Wannabes and wildcards

So, what happens next? After a long buildup, with much media attention lavished on all of the Eurovision wannabes, the semi-finals will be held on the 9th and 16th of February. A public vote is overseen by a panel of experts, and two songs—plus a possible “wildcard”—will make it through to the final decider on the 2nd of March.
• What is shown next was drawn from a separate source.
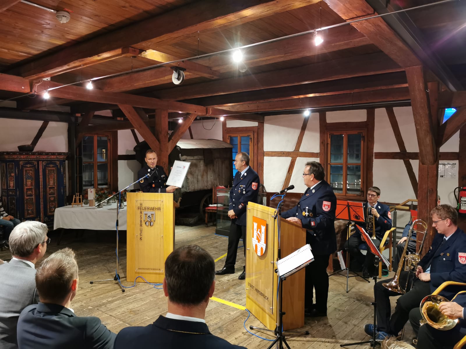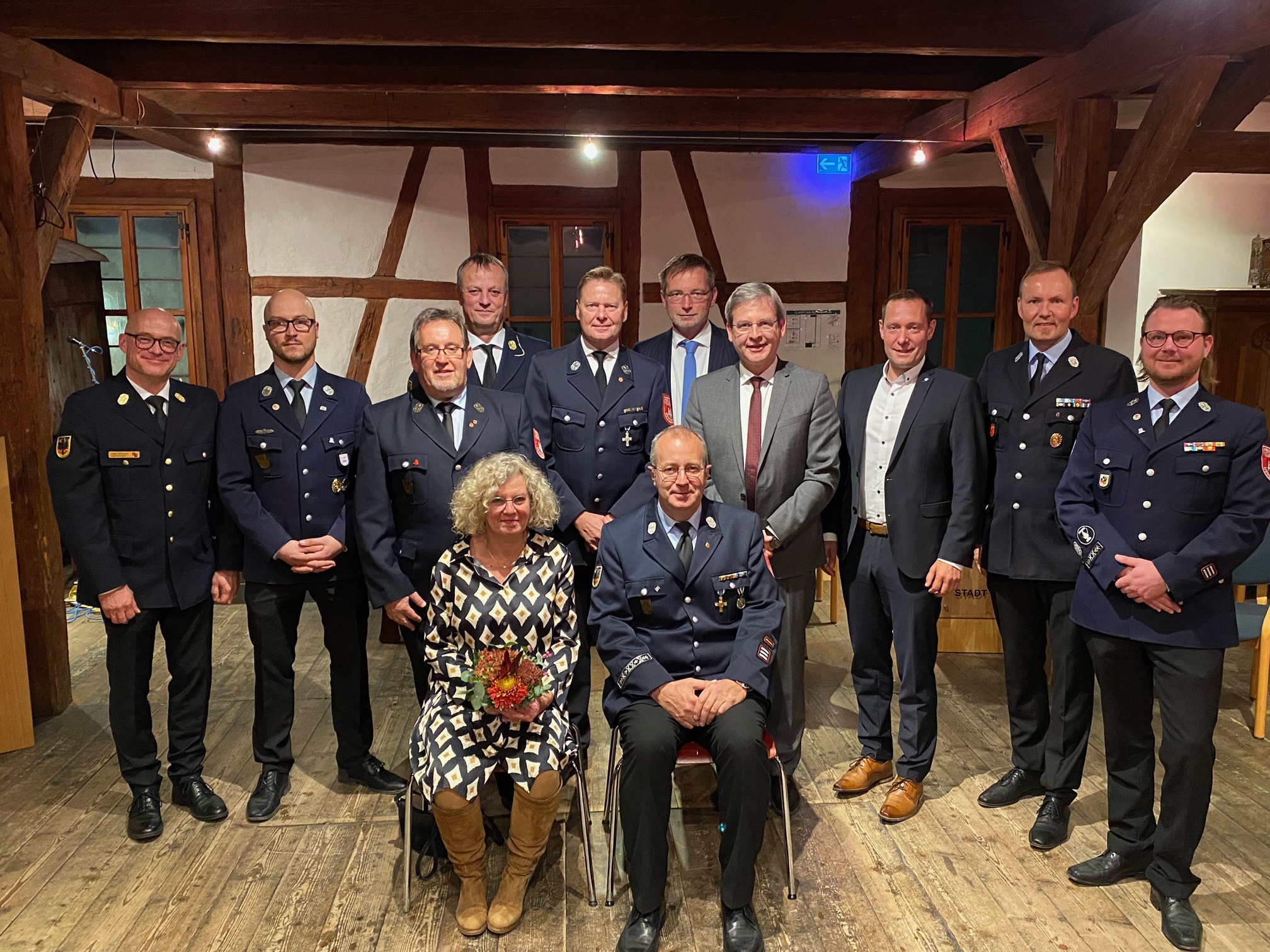 Hersbruck (DB1) - Am Abend des 23.10.2021 wurde der langjährige federführende Kommandant der Stadt Hersbruck, Uwe Holzinger, im Anschluss an die staatlichen Ehrungen für langjährigen Feuerwehrdienst zum Ehrenkommandanten der Stadt Hersbruck ernannt.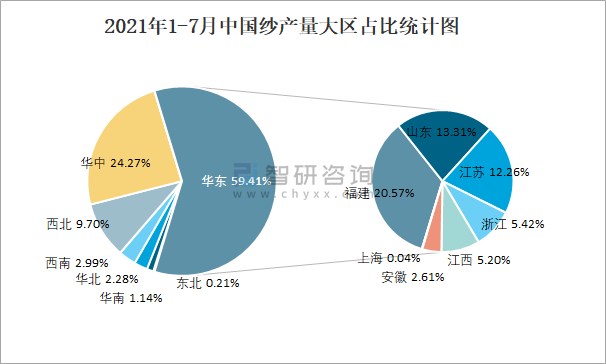 2021年1-7月中國紗產(chǎn)量大區(qū)占比統(tǒng)計圖

If you want to do your research, the final ten are:

    Hatari – Hatrið mun sigra
    Hera Björk Þórhallsdóttir – Eitt andartak / Moving on
    Kristina Skoubo Bærendsen – Ég á mig sjálf / Mama Said
    Þórdís Imsland – Nú og hér / What Are You Waiting For?
    Daníel Óliver – Samt ekki / Licky Licky
    Elli Grill, Skaði og Glymur – Jeijó, keyrum alla leið
    Friðrik Ómar – Hvað ef ég get ekki elskað? / What If I Can’t Have Love?
    Ívar Daníels – Þú bætir mig / Make Me Whole
    Tara Mobee – Betri án þín / Fighting For Love
    Heiðrún Anna Björnsdóttir – Helgi / Sunday Boy

We’ll report back on the results over the coming month—and let you know if Hatari do indeed prevail.